苫小牧市の新たな複合施設「苫小牧市民文化ホール」(旭町)の2026年3月オープンに向けて、市民の機運醸成を図るプレイベント「みんなで創る海 Grow up!とまこまい」が23日、市文化会館で開かれた。テーマは市民が意見を出し合って決めた「海」で、ホッキ貝を使ったワークショップと、歌や踊りのステージの2本立て。市民ら約600人がイベントを楽しみながら、約1年半後に完成する新施設へ思いをはせた。
同ホールの建設・管理運営を担う特別目的会社「氷都とまこまいパートナーズ」が主催、市民有志でつくる実行委員会が準備や運営を担った。
ワークショップは、市内在住のイラストレーター村田なちこさんが講師を務め、ホッキ貝の殻に色や模様を付け、同ホールに飾る予定のガーランドやオリジナルの楽器をつくった。苫小牧東小3年の生井彩さん(8)は「(同ホールで)飾られるのはうれしい。オープンした時には見に来たい」と笑顔を見せた。

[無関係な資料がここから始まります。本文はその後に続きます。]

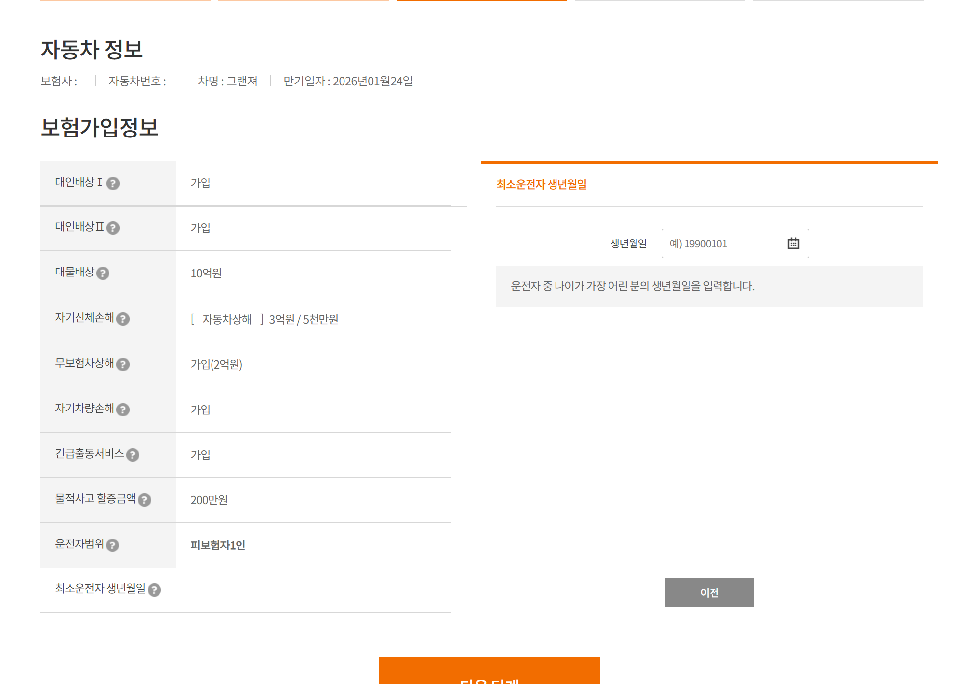 - 운전자 범위: 저는 피보험자 본인만 운전 가능한 조건으로 설정했는데, 추가로 다른사람을 더하면 보험료에 변동이 있을 수 있습니다.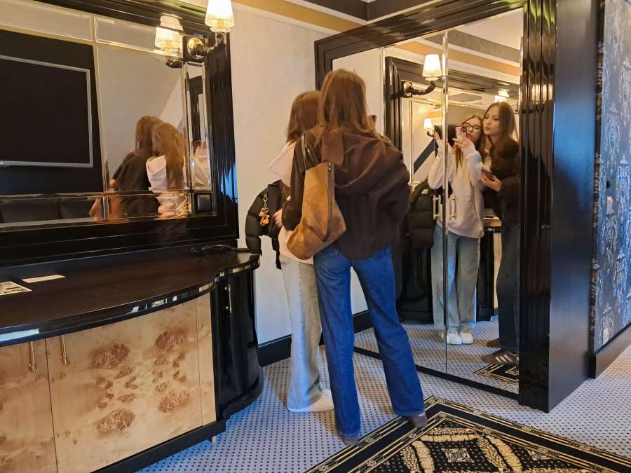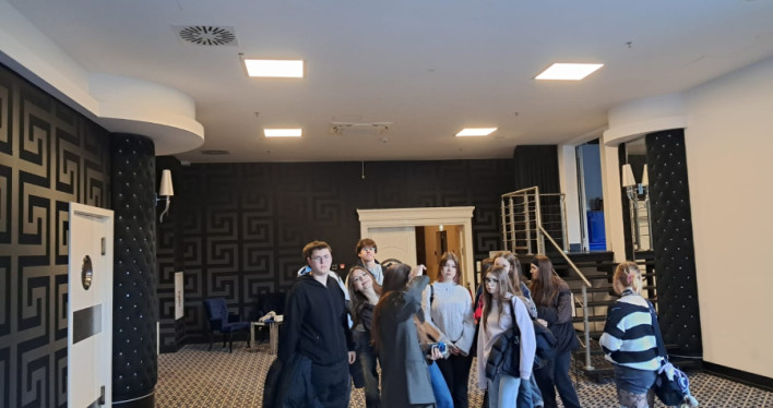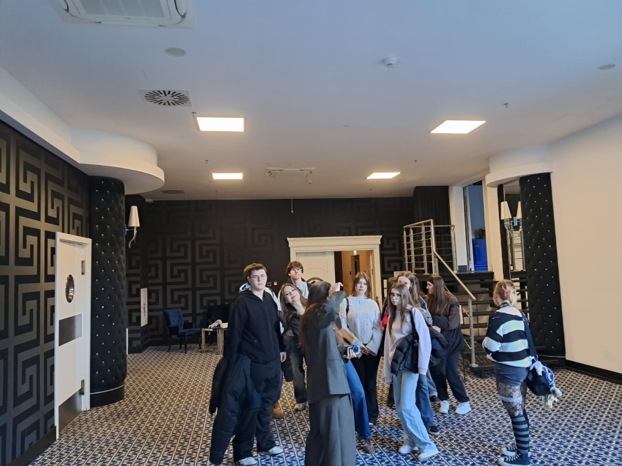 Podczas wizyty uczniowie mieli okazję poznać współczesne oblicze obiektu. Zwiedzili pokoje hotelowe, w tym również wyjątkowy gabinet prezesa. Grupa odwiedziła także sale konferencyjno‑bankietowe, recepcję oraz restaurację.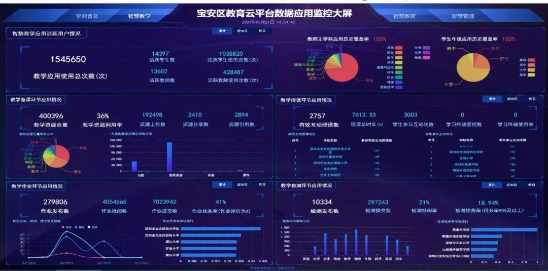 疫情期间,宝安利用本地化部署的资源平台,服务线上教学、网络教研、特色活动,5700多名一线教师参与,发布17万多个导学案例、学生提交导学429万多个。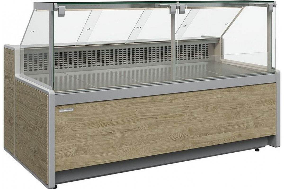 - Экспозиционная поверхность и столешница изготовлены из шлифованной нержавеющей стали, декоративная фронтальная панель – из МДФ;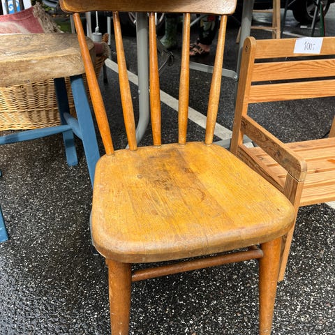 Fin bedstemor stol i børne størrelse. Sædehøjde 28 cm højde fra gulv til top 56 cm. Vipper en lille bitte smule. Kan afhjælpes med en filt dut under det ene ben.
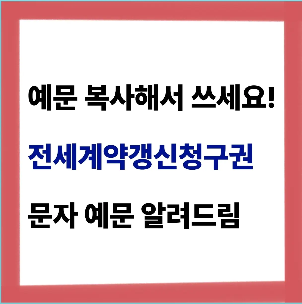 아래는 전세계약갱신청구권 행사 시 바로 사용할 수 있는 문자 예문입니다.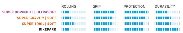 De Big Betty is terug en is uitgerust met de nieuwste technologieën. Deze vouwband is een veelzijdige allrounder voor downhill- en enduro-ritten in verschillende omstandigheden, van droog tot vochtig terrein. De band functioneert perfect aan het achterwiel in combinatie met de Magic Mary band. Met zijn lange, schuine remranden biedt hij maximale remtractie, terwijl de extreem stabiele schouderblokken zorgen voor uitstekende grip in de bochten. Het open en agressieve profiel zorgt voor optimale grip en zelfreiniging. Productspecificaties: - Grootte: ETRTO 65-584 (27.5 x 2.60 inch) - Type: Vouwband - Rubbermengsel: Addix Soft - Uitvoering: Super Trail - Kleur: Zwart - Seal: TLE (tubeless easy) - Gewicht: 1220 gram - Bandenspanning: max. 3.00 Bar (max. 45psi) - Max. belasting: 115 kg - EPI: 50 - E-bike: E-50 - Profiel: HS608 - Binnenbanden: SV19 Freeride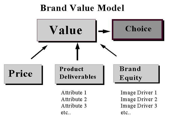 In addition, we believe that a brand's value is directly related to customer choice, or switching behavior. That is, if a particular brand maintains a significantly higher perception of value to a consumer than any other brand in the category, that consumer will consistently purchase that brand. The source of that value is the combination of tangible features, intangible features and price. Conversely, as brands in a category become less differentiated in terms of both tangible and intangible features, price becomes the major differentiator of value. Thus, this model is closely aligned with the recent work by Frederick Reichheld (The Loyalty Effect).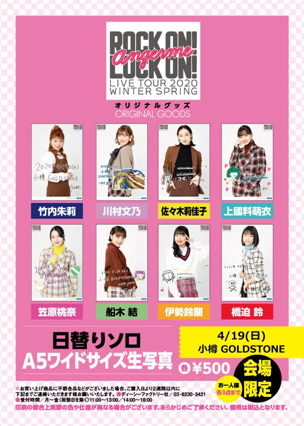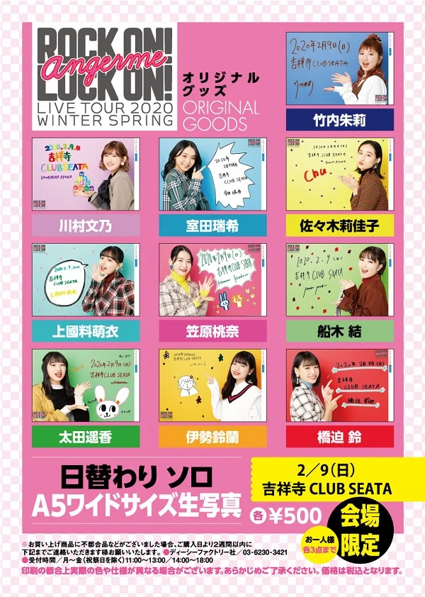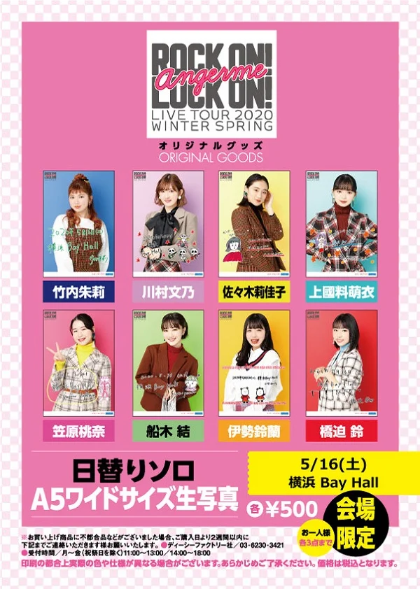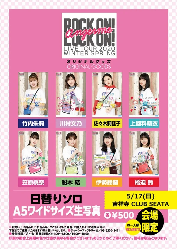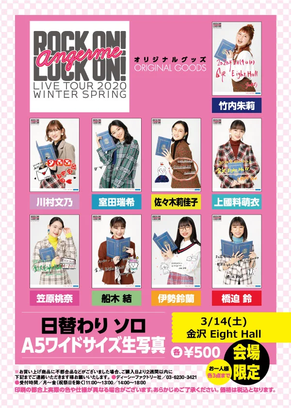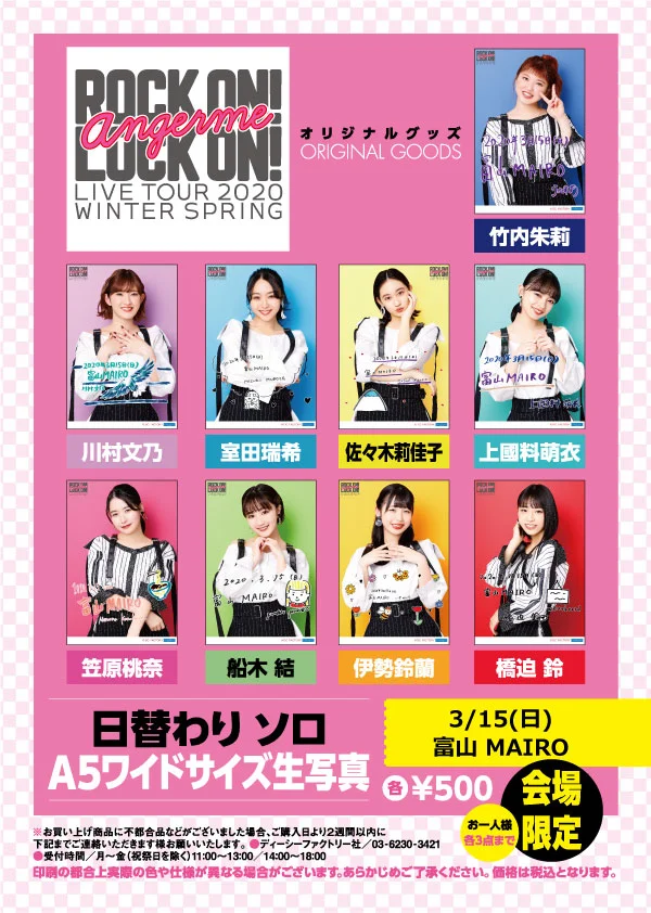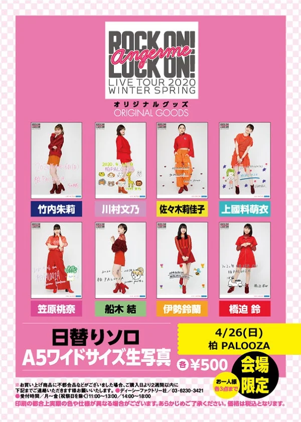 2/29柏PALOOZA、3/1新宿ReNY、3/7横浜BayHall、3/8NEXS NIIGATA、3/14金沢EightHall、3/15富山MAIRO公演で販売を予定していた日替り生写真を期間限定で受注販売いたします。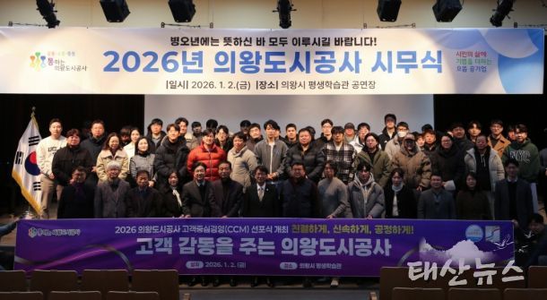 태산뉴스 이동욱 기자 | 의왕도시공사가 1월 2일 의왕시 평생학습관 3층 공연장에서 고객중심경영(CCM)을 실천하기 위한 선포식을 개최했다.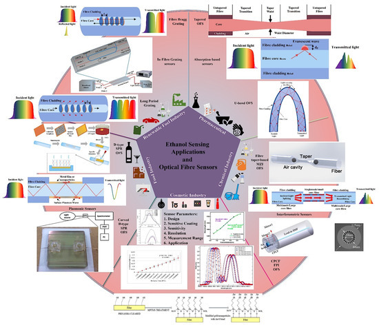Optical fibres have been investigated for their potential use in sensing applications since the early 1980s, and several advances have been made in the fields of optical fibre chemical sensing and biosensing [32]. At that time, researchers also started exploring the concept of optical fibre-based ethanol sensors [33,34]. Wolfbies et al. (1988) used enzymatic oxidation of ethanol to create an optical fibre ethanol biosensor [34]. The sensor layer included an oxygen-sensitive fluorescing indicator that detected a drop in local oxygen partial pressure due to enzymatic oxidation. The sensor detected ethanol concentrations in the range of 50 to 500 mmol L−1, with an accuracy of ±4 mmol L−1 at 100 mmol L−1. Since then, a diverse range of mechanisms have been investigated for measuring ethanol concentration using optical fibre sensors and, in some cases, real applications have been further explored using these sensing schemes. In general, these sensors have delivered encouraging results and demonstrated great potential for ethanol sensing in a wide range of applications. Figure 1 is a graphical summary of a selection of applications for ethanol sensing and optical fibre sensing schemes utilised for ethanol sensing extracted from recent literature [35,36,37,38,39,40,41,42,43] and includes sensor design parameters and typical output responses. Several articles have recently outlined and reflected on the advancement of optical fibre chemical and biosensors from various perspectives [31,32,44,45,46,47,48]. There are abundant possibilities and potential for fabricating highly effective optical fibre ethanol sensors in view of the rapid development of this technology and related functional materials [31]. This article focuses on a review of recent optical fibre sensing developments for ethanol measurement in aqueous solutions, including a perspective on their design and response characteristics. A comparison of their respective performance is provided, which points to their applicability for use in current and future full-scale industrial measurement systems. The continuously developing needs of real time measurement and the emergence of the internet of things (IoT) sets the background to this article, which is intended to inspire and focus further research and wider utilization of these sensors in the commercially significant industrial and medical sectors.
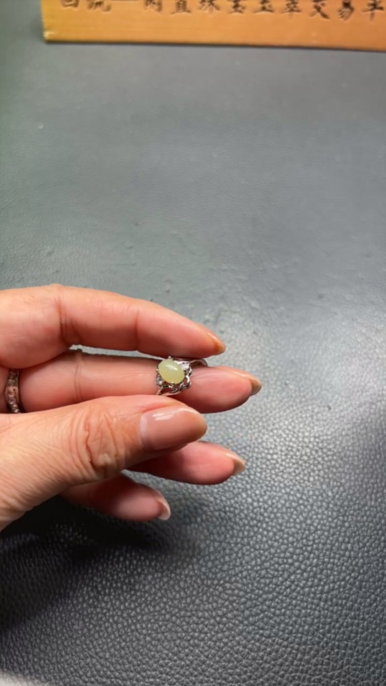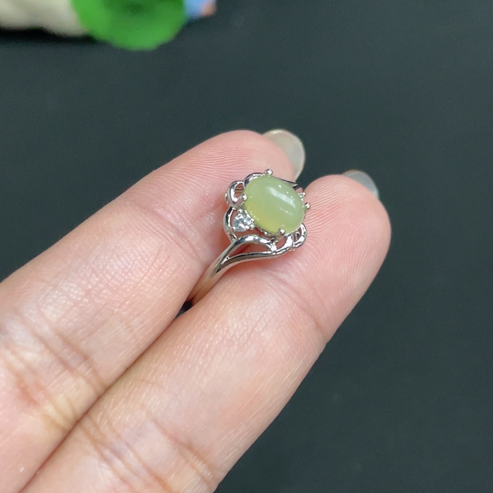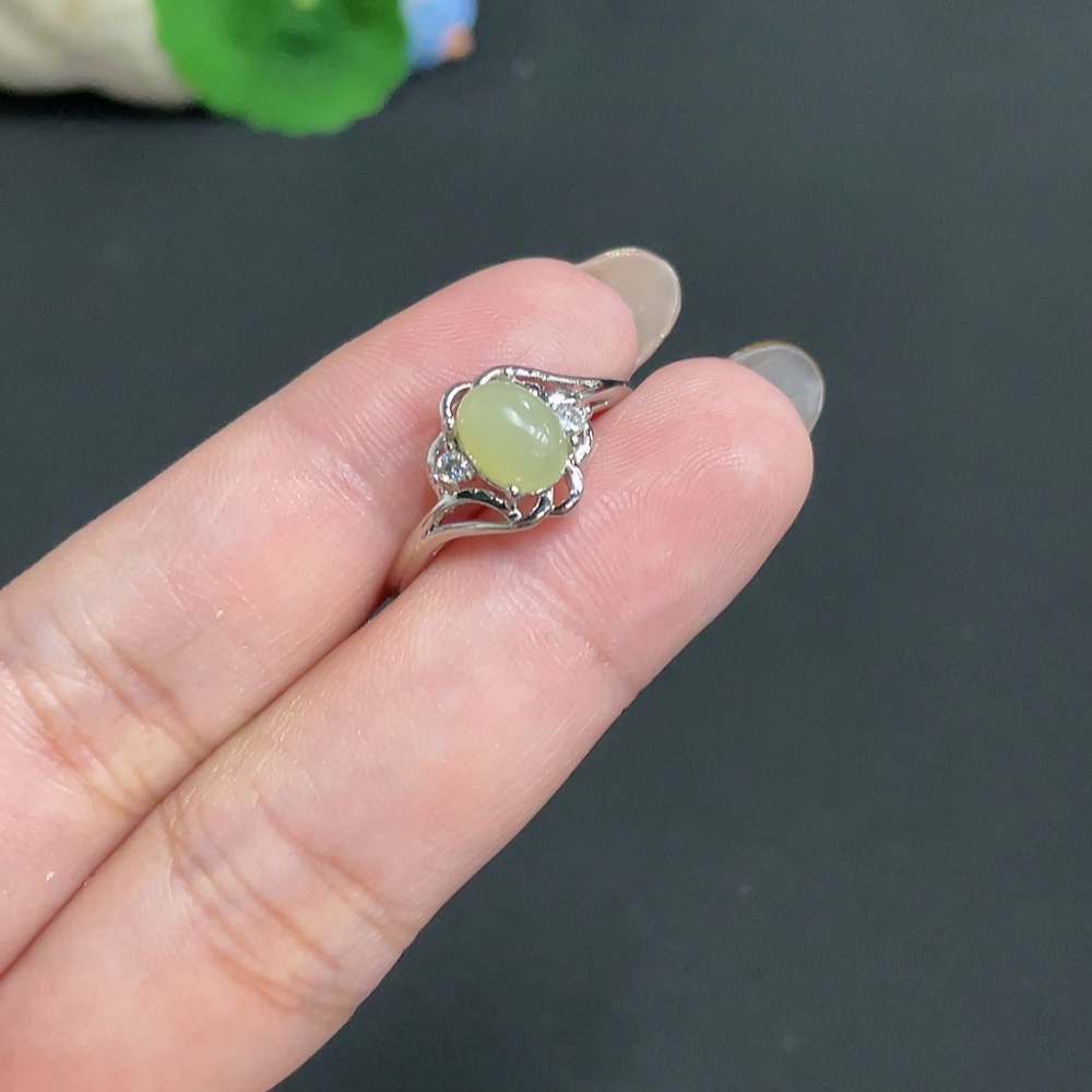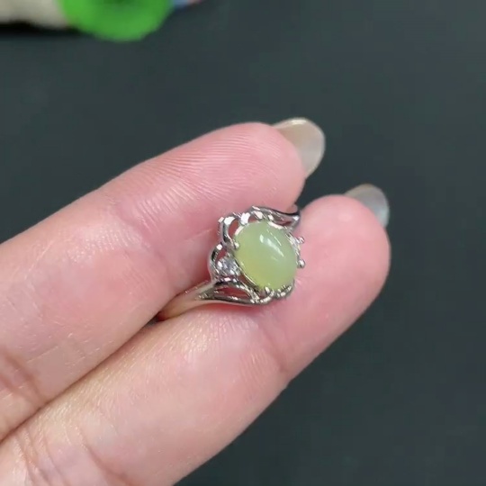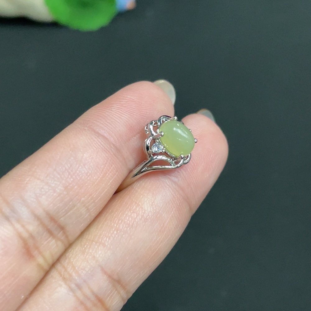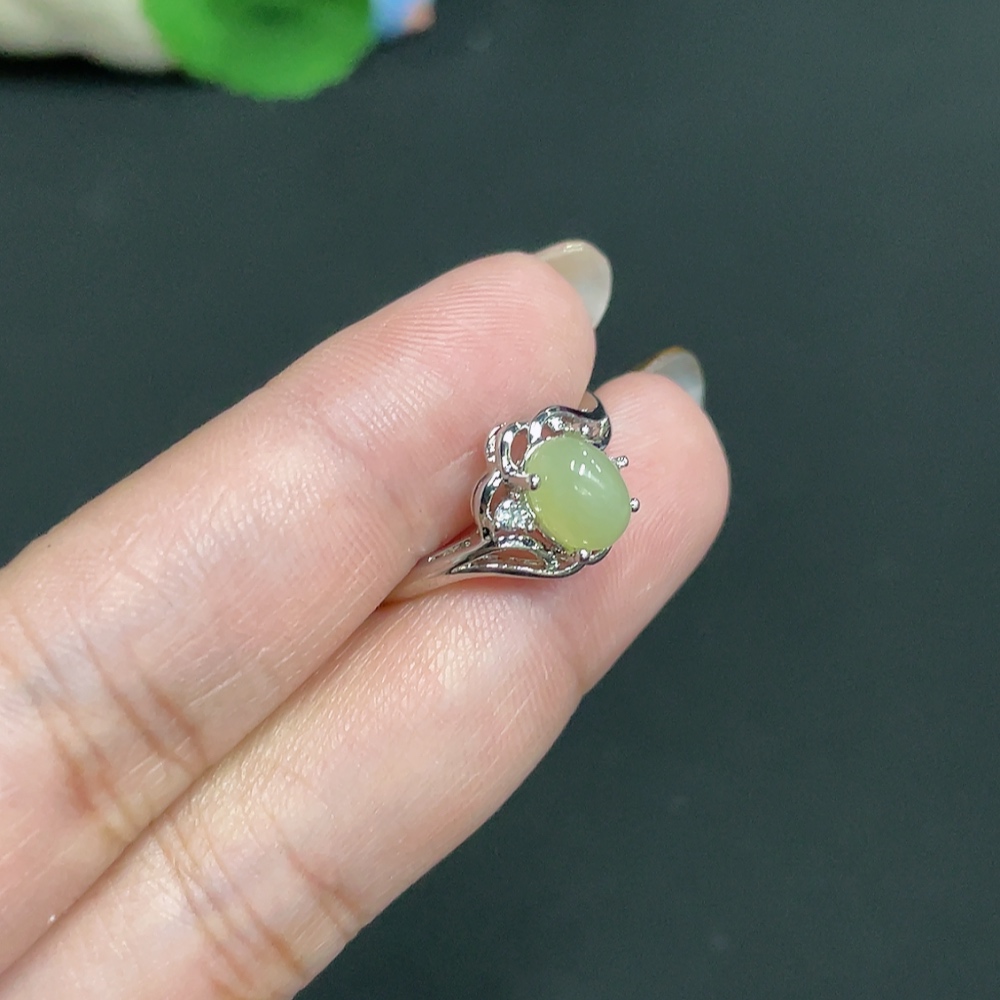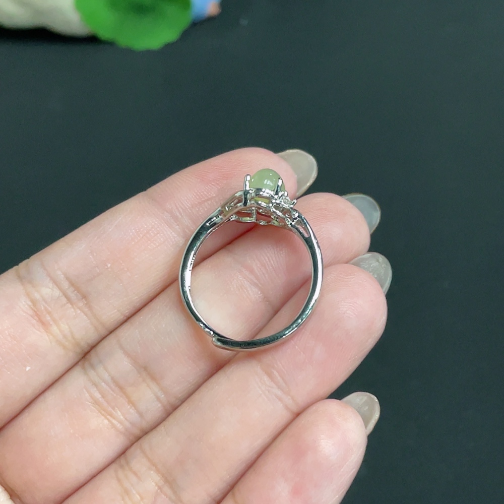 Hetian Jade inlaid adjustable ring, total weight approx. 2.3g, non-gold

ステージではこの日のためにダンスチームを立ち上げた市内3~12歳の17人が出演。歌に合わせて絵本「スイミー」の世界観を描いたかわいらしいパフォーマンスを披露した。
この他、シンガー・ソングライターかんばやしまなぶさんや苫小牧創作芸能研究会「樽前ばやし」、地元ダンスチームなど計5組の多彩なステージが繰り広げられた。
市内三光町の無職鈴木龍生さん(72)は「イベントはよかったが、もうちょっと人が集まってもよかったのかなと思う。これが(オープンに向けて)景気付けになれば」と期待していた。
市民ホール建設準備室によると、同ホール工事の進捗(しんちょく)率は8月末現在、23・3%。同社は「オープンに向けて、さまざまな計画をしていけたら」と話している。